■ Activity
Using the data below, return word for word every line from the one holding "주식의 경우에는 상장주식, 코스닥상장주식은" down to the one holding "为了推动国家助学贷款工作持续". Leave pictures out.

■ Dataset records
=== Section Start ===
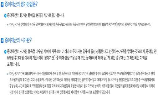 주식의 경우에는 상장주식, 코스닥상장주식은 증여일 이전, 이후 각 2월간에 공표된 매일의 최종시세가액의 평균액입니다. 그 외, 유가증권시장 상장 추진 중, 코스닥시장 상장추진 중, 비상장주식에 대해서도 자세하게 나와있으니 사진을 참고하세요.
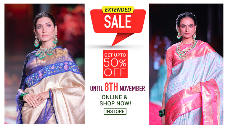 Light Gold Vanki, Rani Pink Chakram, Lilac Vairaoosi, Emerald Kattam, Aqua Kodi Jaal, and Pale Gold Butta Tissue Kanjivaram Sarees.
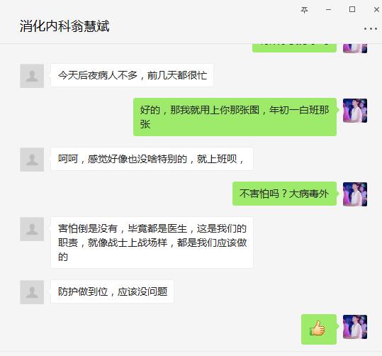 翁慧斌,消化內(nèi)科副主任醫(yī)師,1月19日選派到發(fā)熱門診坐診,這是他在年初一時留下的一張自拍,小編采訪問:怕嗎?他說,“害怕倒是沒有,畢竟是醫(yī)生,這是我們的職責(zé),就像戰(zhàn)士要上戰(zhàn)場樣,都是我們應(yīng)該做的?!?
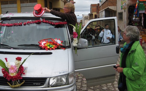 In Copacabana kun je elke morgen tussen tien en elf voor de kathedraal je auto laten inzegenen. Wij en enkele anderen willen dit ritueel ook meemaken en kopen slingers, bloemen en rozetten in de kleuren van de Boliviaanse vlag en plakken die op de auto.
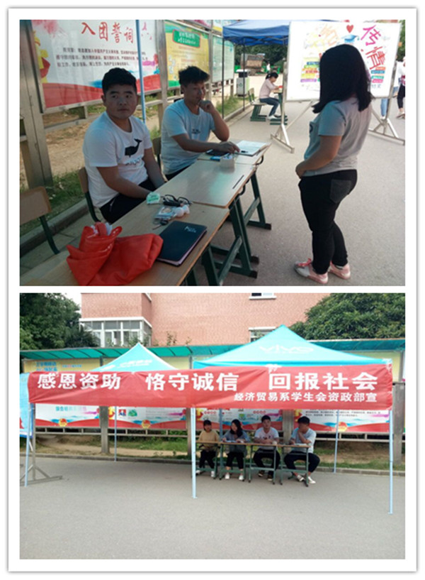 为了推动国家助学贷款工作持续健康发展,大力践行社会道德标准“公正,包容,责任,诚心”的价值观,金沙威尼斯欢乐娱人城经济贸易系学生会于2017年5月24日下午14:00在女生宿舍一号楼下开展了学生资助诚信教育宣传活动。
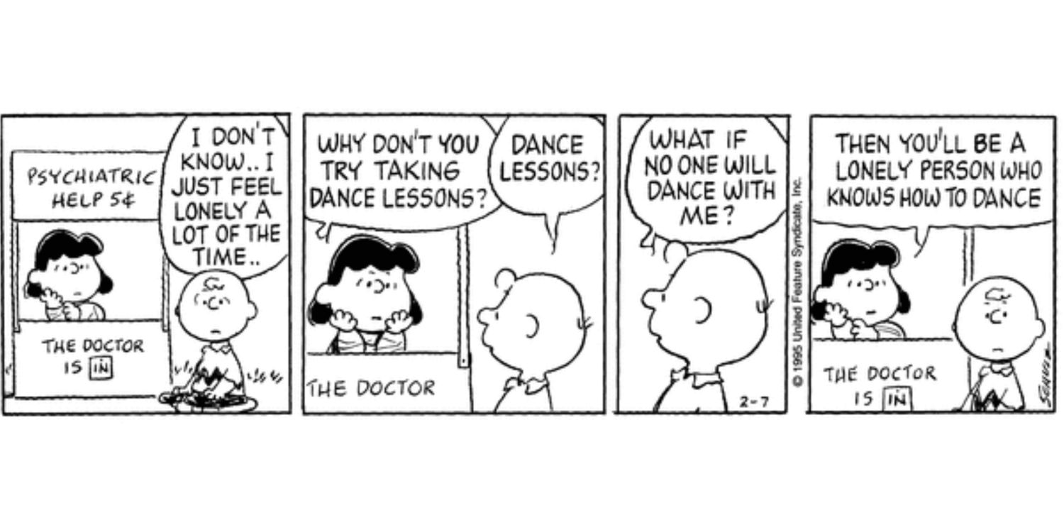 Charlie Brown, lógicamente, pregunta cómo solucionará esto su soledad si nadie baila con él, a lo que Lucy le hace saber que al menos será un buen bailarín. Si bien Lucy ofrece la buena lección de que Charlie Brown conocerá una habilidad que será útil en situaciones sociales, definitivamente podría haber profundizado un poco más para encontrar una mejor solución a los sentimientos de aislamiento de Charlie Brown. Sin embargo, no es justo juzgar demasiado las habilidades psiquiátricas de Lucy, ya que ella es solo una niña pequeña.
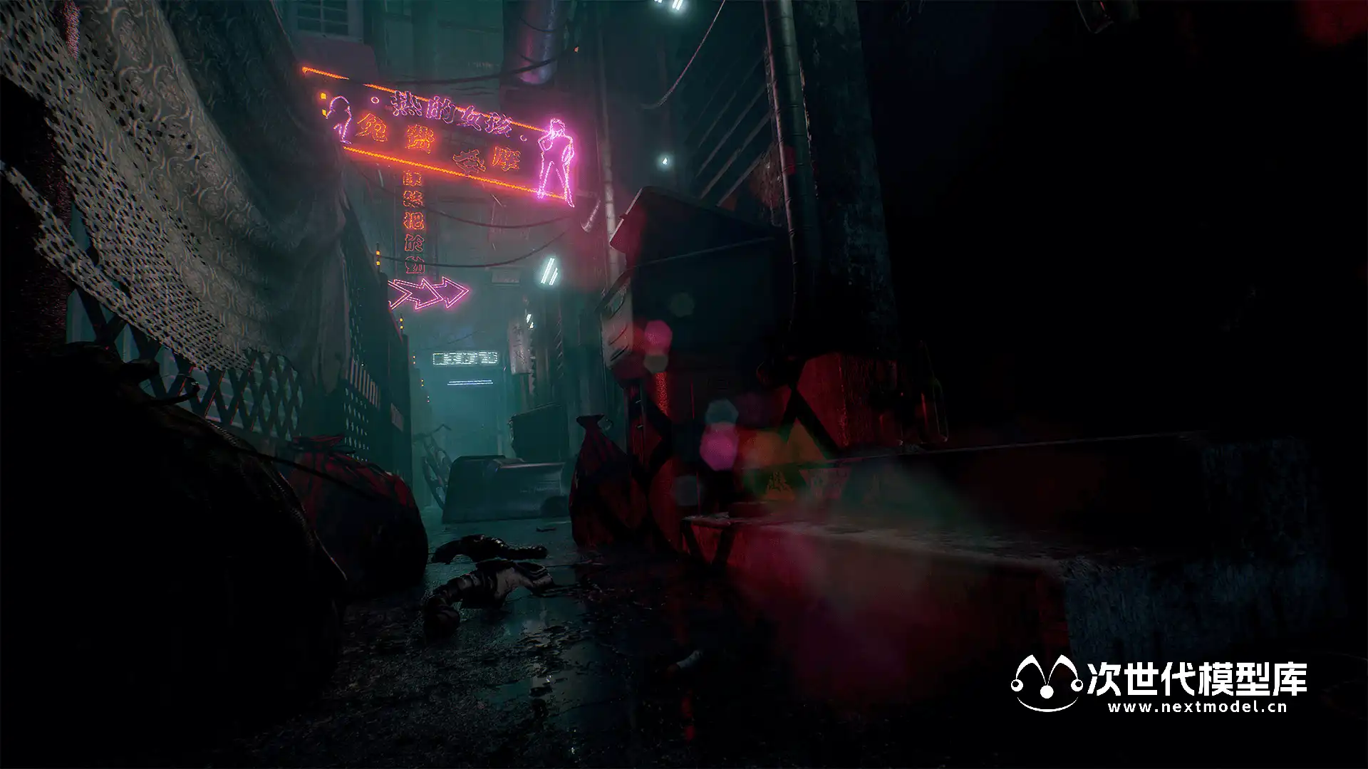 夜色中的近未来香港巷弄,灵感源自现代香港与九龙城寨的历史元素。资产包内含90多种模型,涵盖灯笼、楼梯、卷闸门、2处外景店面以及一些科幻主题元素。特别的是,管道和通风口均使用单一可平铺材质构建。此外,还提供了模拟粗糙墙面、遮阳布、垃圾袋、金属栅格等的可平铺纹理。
=== Section End ===
=== Section Start ===
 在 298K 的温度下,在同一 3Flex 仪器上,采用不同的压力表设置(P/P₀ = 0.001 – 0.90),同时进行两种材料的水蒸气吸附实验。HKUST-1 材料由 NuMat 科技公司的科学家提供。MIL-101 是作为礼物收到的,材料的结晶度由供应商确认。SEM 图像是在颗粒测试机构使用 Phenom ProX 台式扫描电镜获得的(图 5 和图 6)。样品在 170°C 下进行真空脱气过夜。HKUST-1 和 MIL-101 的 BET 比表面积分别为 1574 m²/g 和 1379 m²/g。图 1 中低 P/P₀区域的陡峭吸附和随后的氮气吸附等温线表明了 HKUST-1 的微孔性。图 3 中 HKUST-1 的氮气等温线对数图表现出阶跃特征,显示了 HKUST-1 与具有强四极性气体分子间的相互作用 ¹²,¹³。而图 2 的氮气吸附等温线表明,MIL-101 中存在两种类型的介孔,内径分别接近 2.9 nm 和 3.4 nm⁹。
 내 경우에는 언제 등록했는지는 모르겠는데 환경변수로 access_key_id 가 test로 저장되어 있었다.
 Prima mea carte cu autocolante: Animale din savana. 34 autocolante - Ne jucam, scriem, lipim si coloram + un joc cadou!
=== Section End ===
=== Section Start ===
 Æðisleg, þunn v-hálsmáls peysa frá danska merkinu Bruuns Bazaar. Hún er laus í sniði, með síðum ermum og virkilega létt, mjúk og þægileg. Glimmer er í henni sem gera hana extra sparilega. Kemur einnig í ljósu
=== Section End ===
■ Result of the exercise
 주식의 경우에는 상장주식, 코스닥상장주식은 증여일 이전, 이후 각 2월간에 공표된 매일의 최종시세가액의 평균액입니다. 그 외, 유가증권시장 상장 추진 중, 코스닥시장 상장추진 중, 비상장주식에 대해서도 자세하게 나와있으니 사진을 참고하세요.
 Light Gold Vanki, Rani Pink Chakram, Lilac Vairaoosi, Emerald Kattam, Aqua Kodi Jaal, and Pale Gold Butta Tissue Kanjivaram Sarees.
 翁慧斌,消化內(nèi)科副主任醫(yī)師,1月19日選派到發(fā)熱門診坐診,這是他在年初一時留下的一張自拍,小編采訪問:怕嗎?他說,“害怕倒是沒有,畢竟是醫(yī)生,這是我們的職責(zé),就像戰(zhàn)士要上戰(zhàn)場樣,都是我們應(yīng)該做的?!?
 In Copacabana kun je elke morgen tussen tien en elf voor de kathedraal je auto laten inzegenen. Wij en enkele anderen willen dit ritueel ook meemaken en kopen slingers, bloemen en rozetten in de kleuren van de Boliviaanse vlag en plakken die op de auto.
 为了推动国家助学贷款工作持续健康发展,大力践行社会道德标准“公正,包容,责任,诚心”的价值观,金沙威尼斯欢乐娱人城经济贸易系学生会于2017年5月24日下午14:00在女生宿舍一号楼下开展了学生资助诚信教育宣传活动。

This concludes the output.